▶ _THE DATA_:
--- --- ---

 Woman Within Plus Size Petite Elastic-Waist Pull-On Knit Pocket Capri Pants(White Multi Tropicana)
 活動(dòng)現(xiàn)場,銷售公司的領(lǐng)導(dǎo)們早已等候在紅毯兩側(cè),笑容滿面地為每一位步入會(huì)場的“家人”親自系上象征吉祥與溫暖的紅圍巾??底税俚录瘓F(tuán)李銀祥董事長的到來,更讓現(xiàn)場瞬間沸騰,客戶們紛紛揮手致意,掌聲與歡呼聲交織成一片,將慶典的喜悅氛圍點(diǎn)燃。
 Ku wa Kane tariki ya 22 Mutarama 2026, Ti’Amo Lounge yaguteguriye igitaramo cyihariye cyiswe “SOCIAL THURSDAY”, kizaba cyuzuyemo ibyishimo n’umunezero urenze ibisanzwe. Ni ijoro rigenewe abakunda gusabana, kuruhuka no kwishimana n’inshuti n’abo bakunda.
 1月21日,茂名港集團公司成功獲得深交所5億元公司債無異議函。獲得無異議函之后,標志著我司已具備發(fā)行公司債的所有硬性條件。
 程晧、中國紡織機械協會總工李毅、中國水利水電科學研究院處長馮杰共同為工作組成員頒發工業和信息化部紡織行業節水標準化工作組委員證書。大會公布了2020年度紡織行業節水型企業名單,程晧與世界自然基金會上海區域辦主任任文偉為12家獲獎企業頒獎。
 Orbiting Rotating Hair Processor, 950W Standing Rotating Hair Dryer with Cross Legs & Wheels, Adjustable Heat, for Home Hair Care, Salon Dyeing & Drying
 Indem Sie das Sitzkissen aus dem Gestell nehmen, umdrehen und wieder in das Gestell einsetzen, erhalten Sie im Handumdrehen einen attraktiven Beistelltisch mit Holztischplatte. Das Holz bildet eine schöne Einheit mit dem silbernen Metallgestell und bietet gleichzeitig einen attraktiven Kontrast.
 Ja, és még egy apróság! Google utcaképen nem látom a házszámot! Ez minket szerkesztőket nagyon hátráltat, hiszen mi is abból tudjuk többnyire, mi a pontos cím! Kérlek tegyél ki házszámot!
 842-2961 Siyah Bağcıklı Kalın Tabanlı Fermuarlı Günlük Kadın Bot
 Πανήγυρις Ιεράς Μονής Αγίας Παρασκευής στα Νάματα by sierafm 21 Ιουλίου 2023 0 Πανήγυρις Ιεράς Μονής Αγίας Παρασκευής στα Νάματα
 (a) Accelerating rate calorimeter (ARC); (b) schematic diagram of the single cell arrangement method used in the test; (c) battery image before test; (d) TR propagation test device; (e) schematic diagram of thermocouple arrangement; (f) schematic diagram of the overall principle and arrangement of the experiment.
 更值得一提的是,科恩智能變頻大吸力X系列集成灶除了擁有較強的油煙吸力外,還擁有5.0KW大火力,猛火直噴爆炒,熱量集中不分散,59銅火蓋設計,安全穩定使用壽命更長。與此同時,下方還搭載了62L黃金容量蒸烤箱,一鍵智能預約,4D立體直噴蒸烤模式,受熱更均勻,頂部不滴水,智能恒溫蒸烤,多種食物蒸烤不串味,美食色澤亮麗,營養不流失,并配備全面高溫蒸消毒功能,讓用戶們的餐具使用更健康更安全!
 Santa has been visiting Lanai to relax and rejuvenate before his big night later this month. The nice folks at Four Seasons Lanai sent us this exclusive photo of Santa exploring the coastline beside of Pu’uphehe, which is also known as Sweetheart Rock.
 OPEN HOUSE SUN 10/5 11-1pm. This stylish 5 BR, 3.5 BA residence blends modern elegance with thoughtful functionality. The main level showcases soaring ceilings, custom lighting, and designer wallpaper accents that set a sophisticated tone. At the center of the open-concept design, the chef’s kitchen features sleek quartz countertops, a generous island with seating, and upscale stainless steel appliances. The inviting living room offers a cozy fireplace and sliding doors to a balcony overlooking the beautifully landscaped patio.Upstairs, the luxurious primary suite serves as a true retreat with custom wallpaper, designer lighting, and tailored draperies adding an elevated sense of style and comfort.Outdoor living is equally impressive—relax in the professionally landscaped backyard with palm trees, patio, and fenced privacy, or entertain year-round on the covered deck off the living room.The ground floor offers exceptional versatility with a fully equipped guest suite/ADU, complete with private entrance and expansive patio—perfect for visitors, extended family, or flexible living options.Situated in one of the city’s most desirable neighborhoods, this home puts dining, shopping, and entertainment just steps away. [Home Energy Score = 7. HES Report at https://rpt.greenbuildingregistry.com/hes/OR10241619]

--- --- ---

▶ _DESCRIPTION OF THE TASK_: The answer must be every line of the entries that includes the word "before".

▶ _TASK RESPONSE_:
 (a) Accelerating rate calorimeter (ARC); (b) schematic diagram of the single cell arrangement method used in the test; (c) battery image before test; (d) TR propagation test device; (e) schematic diagram of thermocouple arrangement; (f) schematic diagram of the overall principle and arrangement of the experiment.
 Santa has been visiting Lanai to relax and rejuvenate before his big night later this month. The nice folks at Four Seasons Lanai sent us this exclusive photo of Santa exploring the coastline beside of Pu’uphehe, which is also known as Sweetheart Rock.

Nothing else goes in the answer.